Mechanisms and applications of disulfide bond formation
Professor Lloyd Ruddock
Biocenter Oulu and Department of Biochemistry
FIN-90014 University of Oulu
Tel: +358-8-553 1136
Fax: +358-8-553 1141
Background and significance
Protein folding for both soluble and membrane proteins is an essential,
complex multi-factorial process. Around one-third of all human proteins
fold in the endoplasmic reticulum (ER) and have an added complexity during
protein folding - the formation of native disulfide bonds.
The formation of these covalent bonds is often the rate limiting step
of protein folding in vivo and in vitro.
At its simplest native disulifde bond formation can be broken down
into two distinct steps, oxidation of two cysteines to form a disulfide bond and
subsequent isomerization of the disulfide bonds formed to the native functional state.
In practice, the mechanisms of native disulfide bond formation are much more complex
and the complexity is further increased by having multiple parallel pathways for their
formation (figure 1). Currently nearly 40 proteins have been implicated in native
disulfide formation in the ER of mammalian cells.

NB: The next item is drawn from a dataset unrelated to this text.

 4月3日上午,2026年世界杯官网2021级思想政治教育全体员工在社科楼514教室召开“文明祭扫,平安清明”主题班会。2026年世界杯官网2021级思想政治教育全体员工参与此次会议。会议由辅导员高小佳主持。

While many of the participants in the cellular process of native disulfide bond
formation in the ER are known, their individual physiological roles and/or mechanisms
of action are often unclear. Furthermore, virtually nothing is known about their
synergy of action with each other or with other ER resident molecular chaperones
and folding catalysts or with components of the ER-associated degradation pathway (ERAD).

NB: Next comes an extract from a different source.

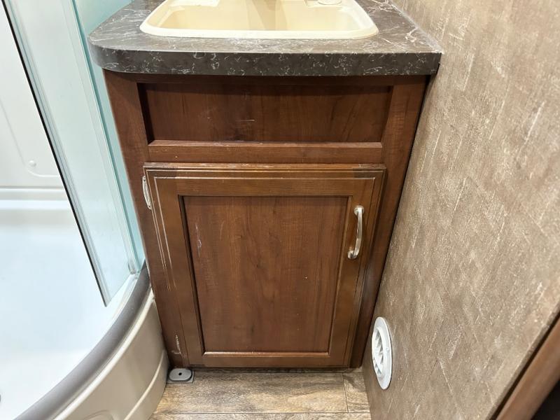 What I liked most: This bathroom has a large shower, lots of storage and a good sized sink. The double slide has mostly kitchen appliances which makes it a convenient.

However, protein disulfide isomerase (PDI) is central to most of the known mechanisms
for disulfide bond formation (figure 1) and, as the name suggests, proteins belonging
to this family are the only known, physiologically relevant, route for disulfide bond
isomerization in protein substrates with substantial regular secondary structure.

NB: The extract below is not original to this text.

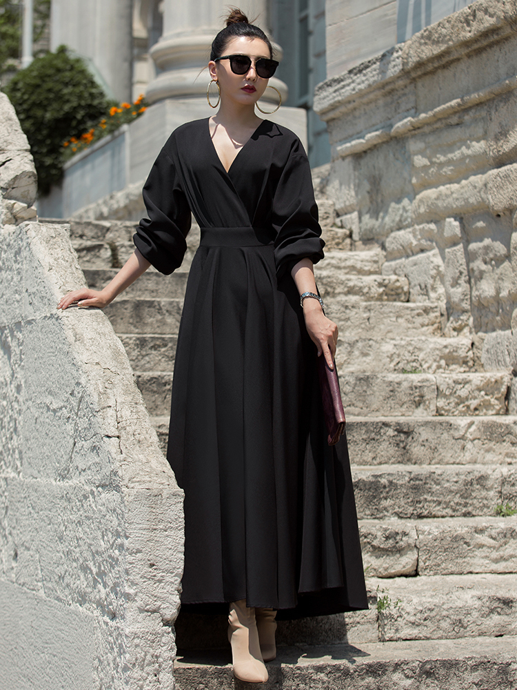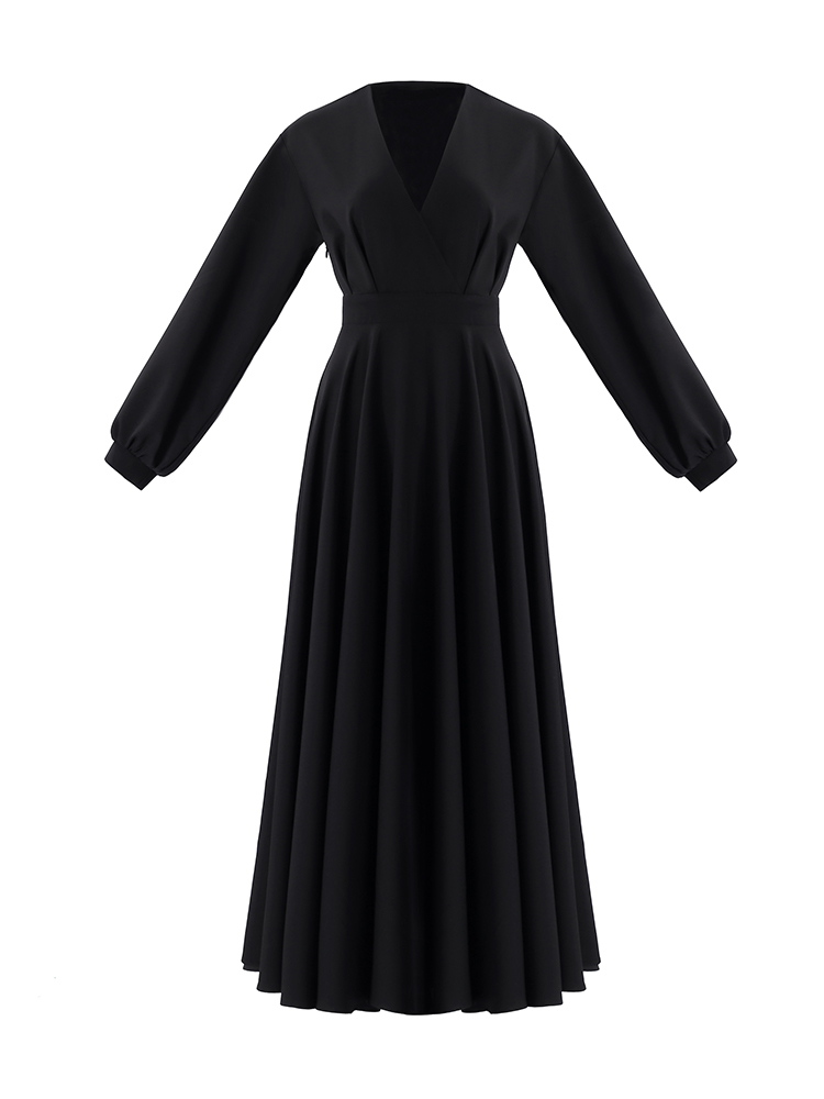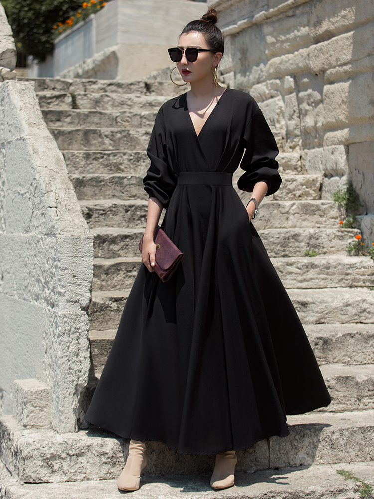 ワンピース 春夏 長袖 ドレス 二次会 お呼ばれドレス Aライン ロング丈 Vネック フレアスカート

Figure 1: Pathways for disulfide bond formation in the ER.
Dotted arrows represent hypothetical pathways, red arrows indicate pathways in which our group
has recently generated significant new data, the green arrow indicates a pathway for which the
physiological relevance is unclear but which has recently been shown to be the major route in
the periplasm of some bacteria. ROS = reactive oxygen species
Due to the complexities of their formation the production of proteins that contain
disulfide bonds is difficult. This severely inhibits scientific progress in understanding a myriad
of mechanistic processes and imposes limitations on the biotechnology industry for the production
of therapeutic proteins. While disulfide bond containing proteins can be made in eukaryotic systems,
the most common route for their biopharmaceutical scale production involves heterologous expression
of (mammalian) proteins in the cytoplasm of E.coli. Here there are no mechanisms for disulfide bond
formation and the recombinant proteins form insoluble inclusion bodies.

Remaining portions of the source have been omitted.